AI Plugin Integration

AI Plugin Integration

This document summarizes three AI-powered document processing tools—MarkItDown, Marker, and Docling—highlighting their common AI features and their integration with Aspose.Cells for Python via .NET through plugins.


1. Common AI Features

1.1 Multi-format Document Parsing and Structured Representation

All three projects support parsing multiple document formats, including PDF, DOCX, PPTX, XLSX, HTML, etc., and converting them into structured formats (Markdown, JSON, or HTML) suitable for AI processing.

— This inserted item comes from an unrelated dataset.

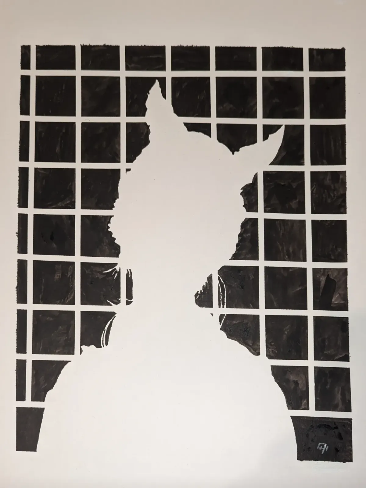 silhouetteblack and whitegrid patterngraphic artminimalistcontrasthorned figureAbstractMinimalistBold / GraphicContemporary / ModernDark / DramaticAbstract / ConceptualSurreal / ImaginativePortrait / People

  • MarkItDown: Converts documents into Markdown format, easily integrated with LLMs and text analysis pipelines.
  • Marker: Supports Markdown, JSON, and HTML output while preserving tables, formulas, and other content.
  • Docling: Provides a unified DoclingDocument representation, supporting multi-format document parsing and structured export.

1.2 Integration with Generative AI Frameworks

All three tools support integration with generative AI frameworks to enhance document processing capabilities:

  • MarkItDown: Integrates with Azure OpenAI to improve document and image processing.
  • Marker: Supports leveraging large language model (LLM) technology to improve the accuracy of document processing.
  • Docling: Compatible with frameworks like LangChain, LlamaIndex, and Haystack for agentic AI applications.

2. Aspose.Cells for Python via .NET Plugin Integration

To combine Excel data with these AI document processing tools, we developed dedicated plugins for each tool:

Plugin Repository Functionality
MarkItDown Plugin markitdown-aspose-cells-plugin Converts Excel files to Markdown format.
Marker Plugin marker plugin Converts Excel files into Marker-supported formats(Markdown, JSON, or HTML), leveraging Marker’s LLM mode for improved table.
Docling Plugin docling plugin Converts Excel files into DoclingDocument objects, then exports Markdown, JSON, or HTML for multi-modal analysis.

2.1 Plugin Advantages

  1. Fast Excel Conversion: Quickly converts Excel content into Markdown, JSON, or HTML for AI processing.
  2. Preserve Table and Format Information: Basically preserve the original table data to ensure data integrity.
  3. Compatible with AI Tools: Can be directly used as input for MarkItDown, Marker, or Docling, leveraging advanced parsing features.
  4. Easy Installation: Only requires additional installation Aspose.Cells for Python via .NET(aspsoe-cells-python) and following the README instructions in the plugin directories.

3. Installation and Usage

3.1 MarkItDown Plugin

Install the plugin from the current directory:

pip install -e .

Verify installation:

markitdown --list-plugins

Convert an XLSX file using the plugin:

markitdown --use-plugins test.xlsx

3.2 Marker Plugin

You’ll need python 3.10+ and PyTorch.

pip install marker-pdf

For non-PDF documents, install full dependencies:

pip install marker-pdf[full]

Convert a single file:

marker_single /path/to/test.xlsx
marker_single /path/to/test.xlsx --output_format html

3.3 Docling Plugin

Install Docling:

pip install -e .

Convert Excel files to different formats:

docling /path/test.xlsx --to html
docling /path/test.xlsx --to md
docling /path/test.xlsx --to json

More detailed installation instructions are available in the docs.

3.4 Set Aspose License

Before using Aspose.Cells in any plugin, set the license:

Windows (PowerShell):

$env:ASPOSE_LICENSE_PATH = "C:\path\to\license"

Windows (CMD):

set ASPOSE_LICENSE_PATH=C:\path\to\license

Unix-based systems:

export ASPOSE_LICENSE_PATH="/path/to/license"

4. Summary

AI Features:

The three tools share common advantages in AI document parsing, structured output, multi-modal support, and integration with generative AI frameworks.

Aspose.Cells Plugins:

Enable seamless conversion of Excel data into Markdown, JSON, or HTML, preserving tables, formulas and integrate directly with MarkItDown, Marker, or Docling.

Use Cases:

Ideal for intelligent document processing, knowledge base construction, RAG systems, report parsing, academic document conversion, and other AI-driven workflows.